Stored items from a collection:
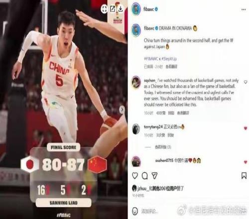 令人驚訝的是,賽後,FIBA世界杯的Instagram官方賬號卻這樣寫道:“衝繩神劇本!中國男籃從日本偷走一場勝利(China with a sneaky win over Japan)。”這樣的描述引發了評論區翻車。
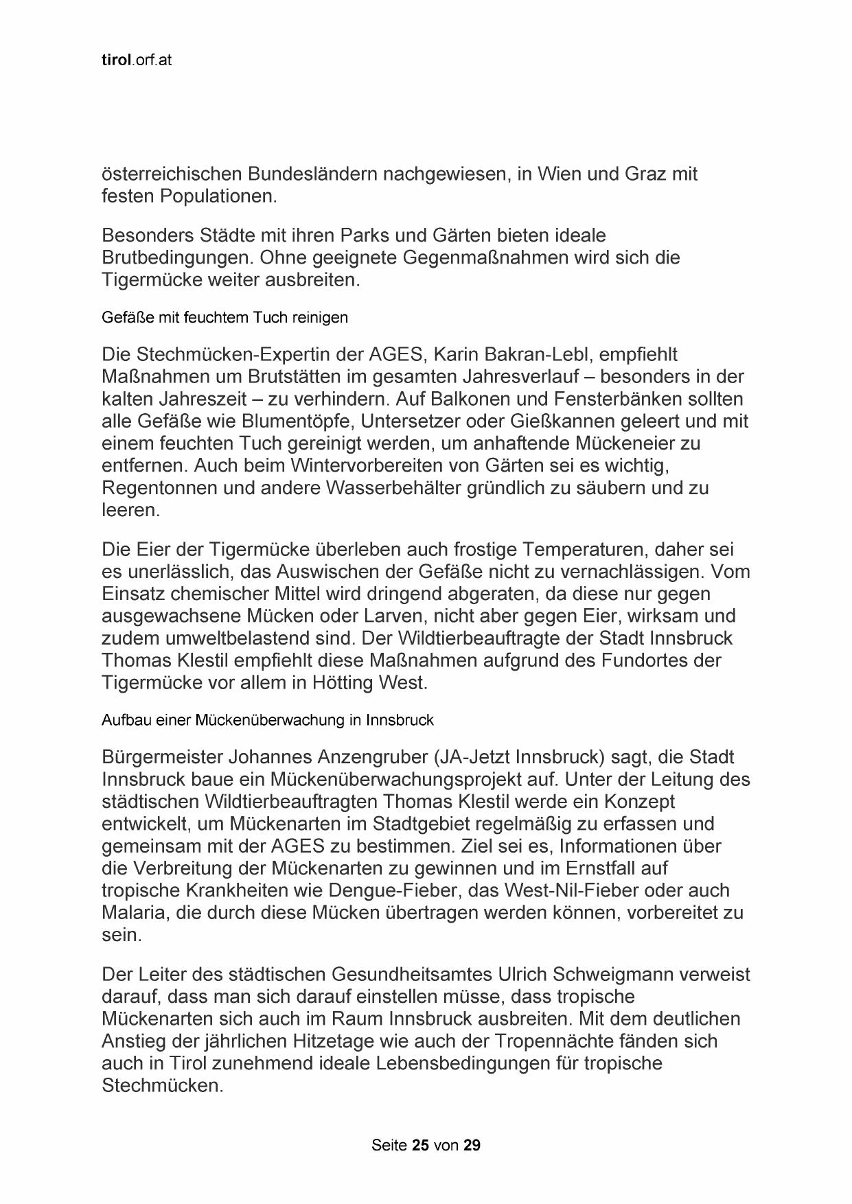 Mückenarten sich auch im Raum Innsbruck ausbreiten. Mit dem deutlichen
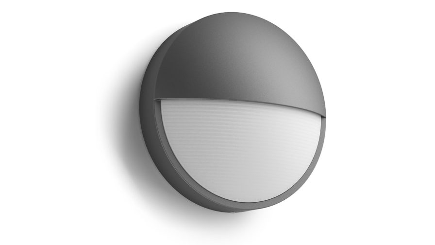 Cette applique murale LED d'extérieur Philips Capricorn en forme de dôme d'une élégante couleur gris anthracite est en aluminium moulé durable. Son design raffiné en demi-lune apporte aux espaces extérieurs une lumière blanc chaud puissante mais diffuse.
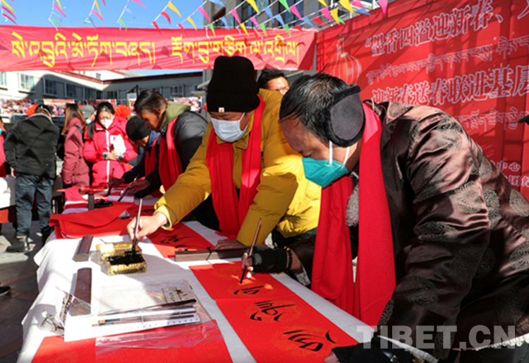 圖為活動現(xiàn)場書法家在書寫藏文春聯(lián)
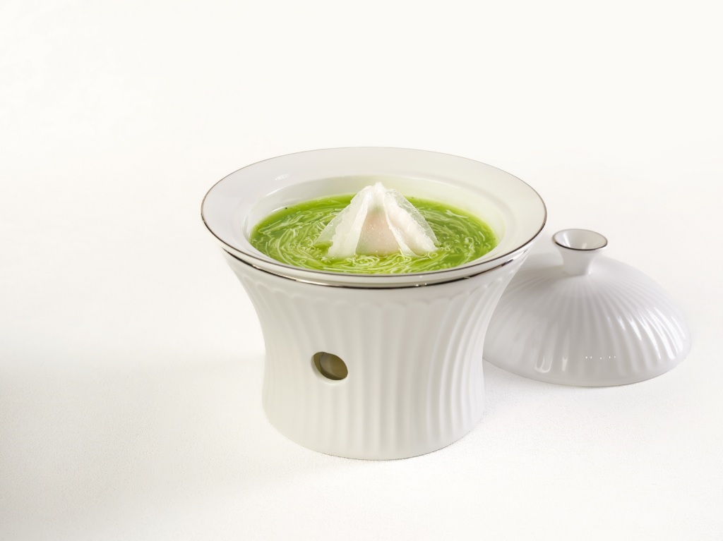 以前的桂花楼以传统淮扬菜见长,随着石强师傅的入主,其对于创新的追求也让此地的菜品变得更有意趣。以淮扬风味为原点,他将“精细”的概念进行不同维度的拓展,比如招牌的翡翠文思冠顶饺,就是将文思豆腐羹和粤菜里的冠顶饺的融合,既有淮扬刀工的体现,又符合创新之意,叫人耳目一新。

**Requirement**
Please transcribe exactly the line containing "Cette applique murale" and every later line through the end of the records above, omitting pictures.

**Response below**
 Cette applique murale LED d'extérieur Philips Capricorn en forme de dôme d'une élégante couleur gris anthracite est en aluminium moulé durable. Son design raffiné en demi-lune apporte aux espaces extérieurs une lumière blanc chaud puissante mais diffuse.
 圖為活動現(xiàn)場書法家在書寫藏文春聯(lián)
 以前的桂花楼以传统淮扬菜见长,随着石强师傅的入主,其对于创新的追求也让此地的菜品变得更有意趣。以淮扬风味为原点,他将“精细”的概念进行不同维度的拓展,比如招牌的翡翠文思冠顶饺,就是将文思豆腐羹和粤菜里的冠顶饺的融合,既有淮扬刀工的体现,又符合创新之意,叫人耳目一新。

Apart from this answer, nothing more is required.